Sal Durante, Who Caught a Bit of Baseball History, Dies at 81

Sal Durante, who became an instant celebrity when he boldly snared Roger Maris’s record-breaking 61st home run in one hand at Yankee Stadium during the final game of the 1961 regular season, died on Thursday on Staten Island. He was 81.

His son Sal Jr. said the cause was dementia.

On that fall afternoon, Maris was tied with Babe Ruth for the single-season major league record of 60 home runs. Mr. Durante, a 19-year-old truck driver who delivered auto parts and had played sandlot baseball, got seats in right field for himself; his fiancée, Rosemarie Calabrese; his cousin John; and John’s date.

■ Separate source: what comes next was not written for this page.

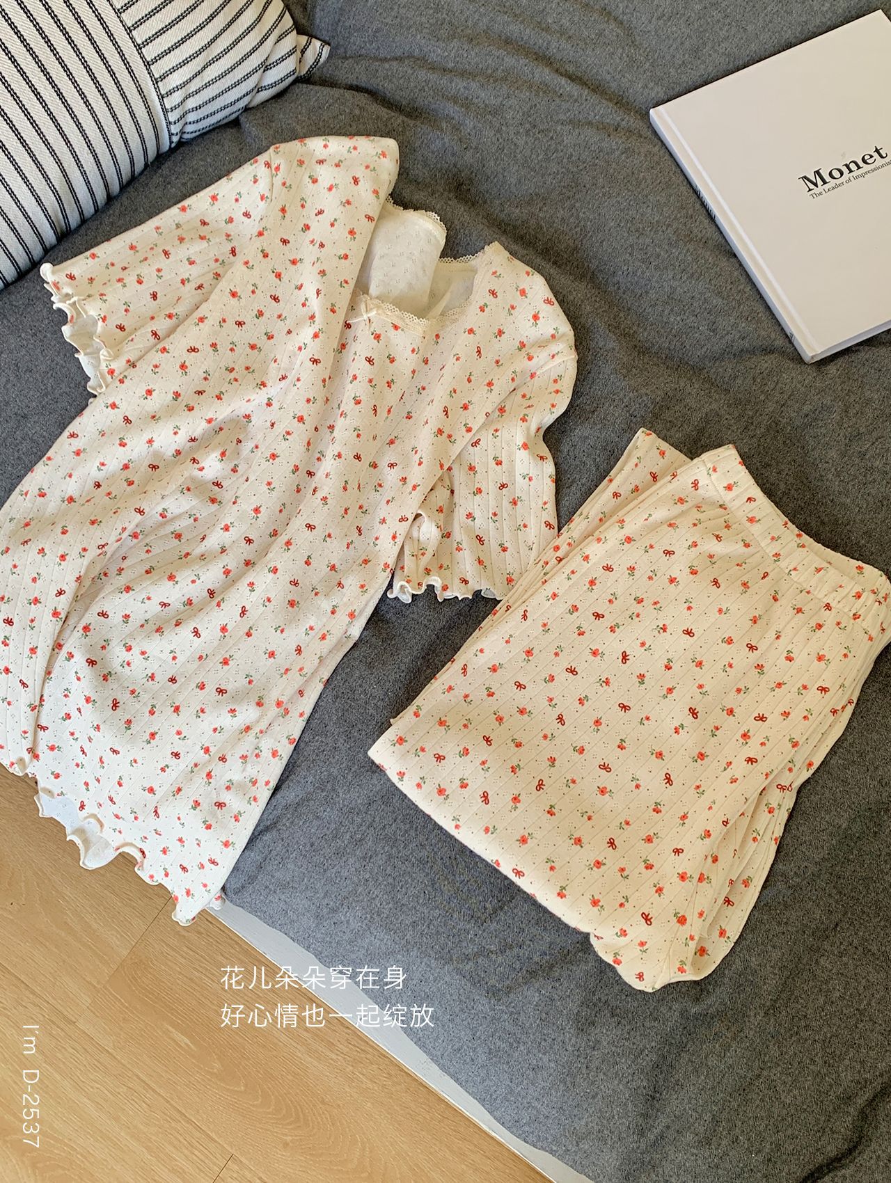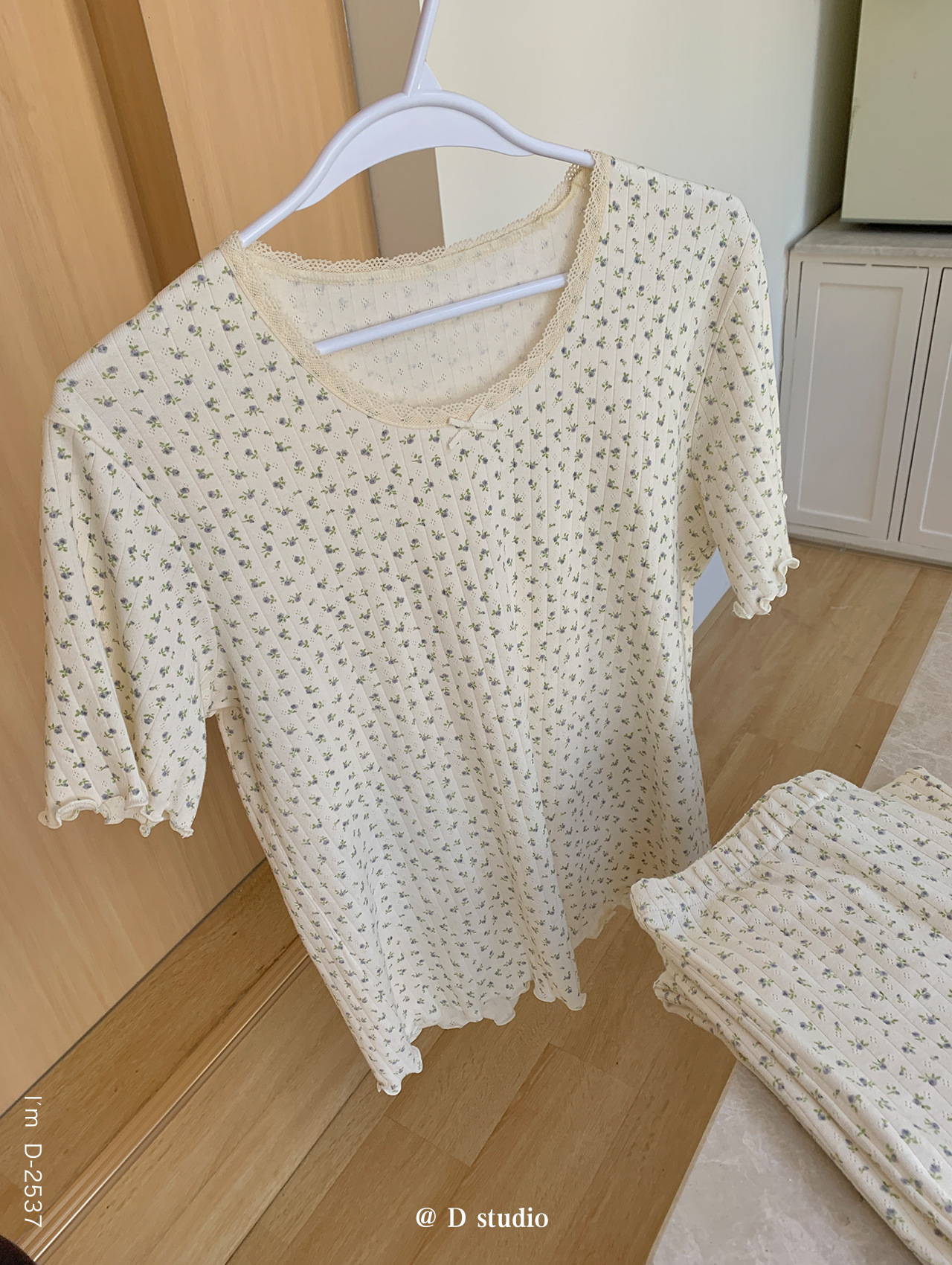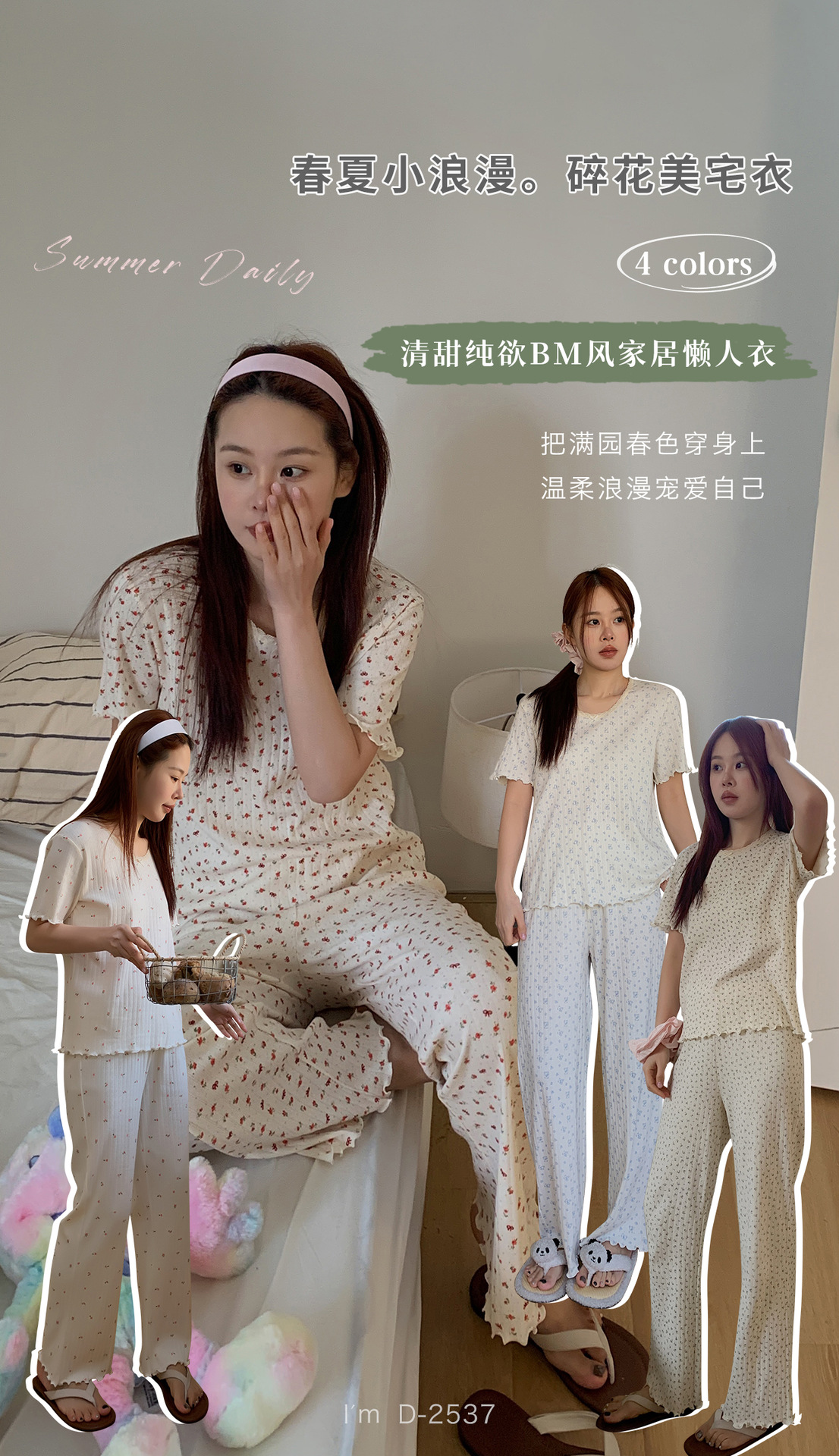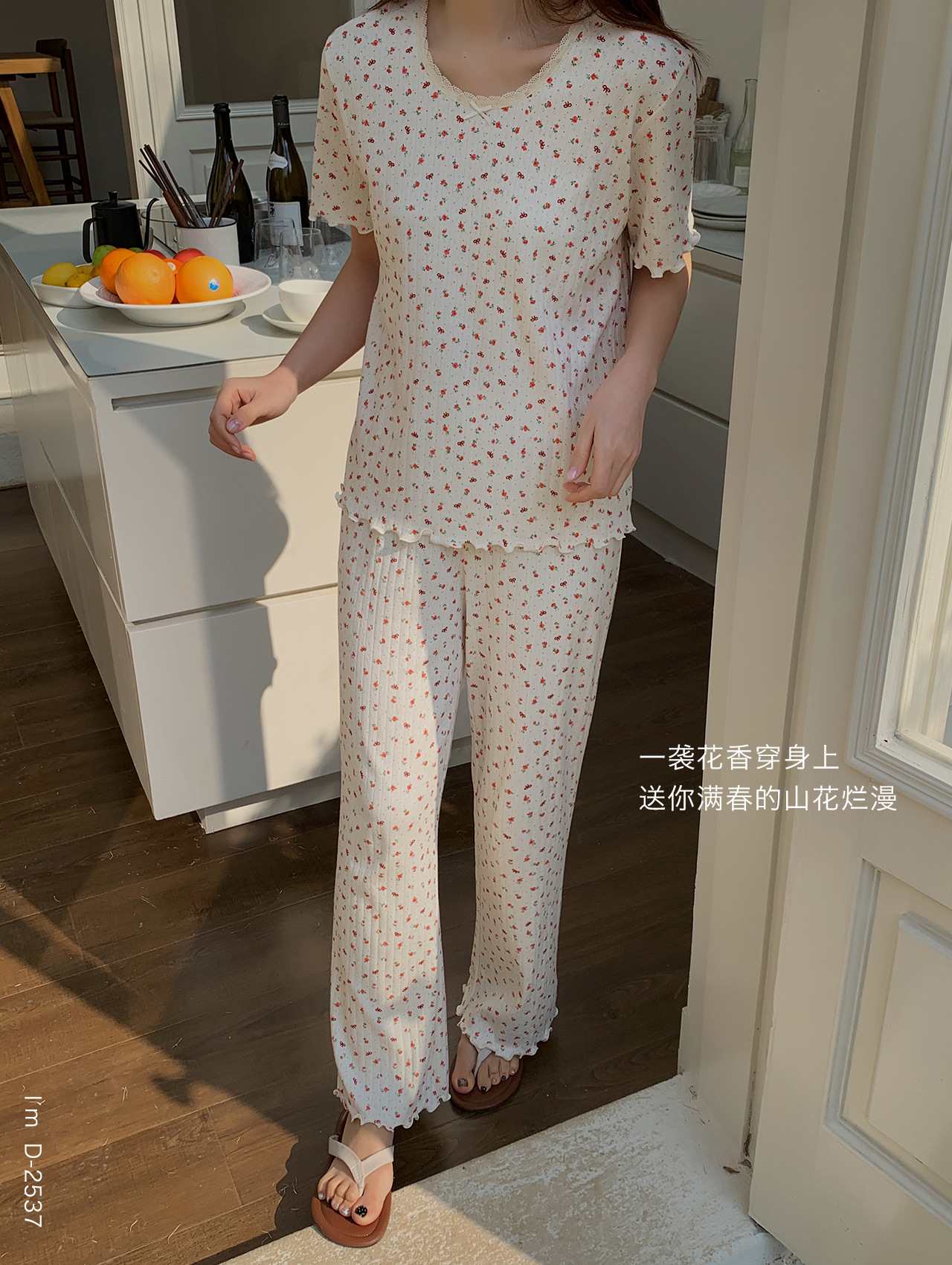 浪漫碎花~BM风春夏新款碎花美宅衣 全棉针织螺纹民短袖长裤休闲两件套睡衣女

Mr. Durante was broke, so Ms. Calabrese paid $10 for the four tickets.

With one out in the fourth inning, Maris smashed the third pitch off the Boston Red Sox right-hander Tracy Stallard beyond the short fence in right field.

“I watched the pitching motion, the release of the ball, and I had my eye on the ball all the way to Roger’s bat,” Mr. Durante said at a commemorative event 50 years later at the new Yankee Stadium, which had replaced the old one in 2009. “I didn’t take my eye off that ball for a second.”

As the ball soared toward him, he said, he jumped onto his seat and caught it in the palm of his right hand. “I got it! I got it!” he shouted, before falling into the row behind him.

After a scuffle with other fans, two security guards hustled Mr. Durante to the Yankees’ clubhouse, where he planned to give the ball to Maris.

But as they stood together, Maris refused to take it. He knew that Sam Gordon, a restaurateur in Sacramento, had offered $5,000 for the ball Maris hit for his 61st home run to whoever caught it. He told Mr. Durante to take the cash.

Mr. Durante did, and Mr. Gordon then gave the ball to Maris. He kept it until 1973, when he donated it to the National Baseball Hall of Fame.

After meeting Maris, Mr. Durante was brought to the WPIX-TV broadcast booth to be interviewed and was greeted by Phil Rizzuto, one of the team’s announcers and a former star shortstop for the Yankees. Mr. Durante recalled Mr. Rizzuto telling him, “I’m glad you’re a paesano.”

“I didn’t take my eye off that ball for a second,” Mr. Durante recalled at a commemorative event in Yankee Stadium 50 years later.Credit…Uli Seit for The New York Times

Salvatore Durante was born on Nov. 11, 1941, in Brooklyn. His father, Gabriel, was a postal worker who had to give up his job after he became disabled, causing Sal Jr. to drop out of high school six months before graduation to help support his family. His mother, Catherine (Marino) Durante, was a homemaker.

Mr. Durante and Ms. Calabrese were married at a church in Brooklyn a few weeks after he caught the ball and then flew to Sacramento to collect the $5,000 (nearly $50,000 in today’s dollars). Half the money went to start the Durantes’ married life, half to help Mr. Durante’s parents. Mr. Gordon also paid for the couple’s honeymoon in Palm Springs.

The next August, Mr. Durante was invited to the Seattle World’s Fair, where he was offered $1,000 to catch a ball off the Space Needle. When it was determined that a ball thrown from the 605-foot-tall tower would generate too much speed, the stunt (with Stallard, then pitching for a local minor league team, throwing the ball) was moved to a 100-foot-tall Ferris wheel.

After catching some practice throws from lower heights, Mr. Durante dropped the one for all the money (he got the money anyway). When Stallard asked what happened, Mr. Durante told United Press International, “I guess I wasn’t relaxed when I knew the money was riding on the toss.”

In addition to his son Sal Jr., Mr. Durante is survived by two other sons, Robert and Thomas; six grandchildren; his sisters, Mary Serpe and Susan Monaco; and his brother, Joseph.

Mr. Durante later owned a messenger service and then drove a school bus before retiring to take care of his wife, who died in 2014.

At the 50th-anniversary event, Mr. Durante was asked if Maris’s 61-home-run season should stand as the major league record despite having been exceeded decades later by Barry Bonds — who holds the mark with 73, which he hit in 2001 — and by Mark McGwire and Sammy Sosa. All three men’s legacies are clouded by ties to performance-enhancing drugs.

“How about if I just say Roger deserved it,” he said. “He did it on his own, you know, the skill.”

Because of his dementia, he was unaware that the Yankees’ Aaron Judge hit 62 homers last season.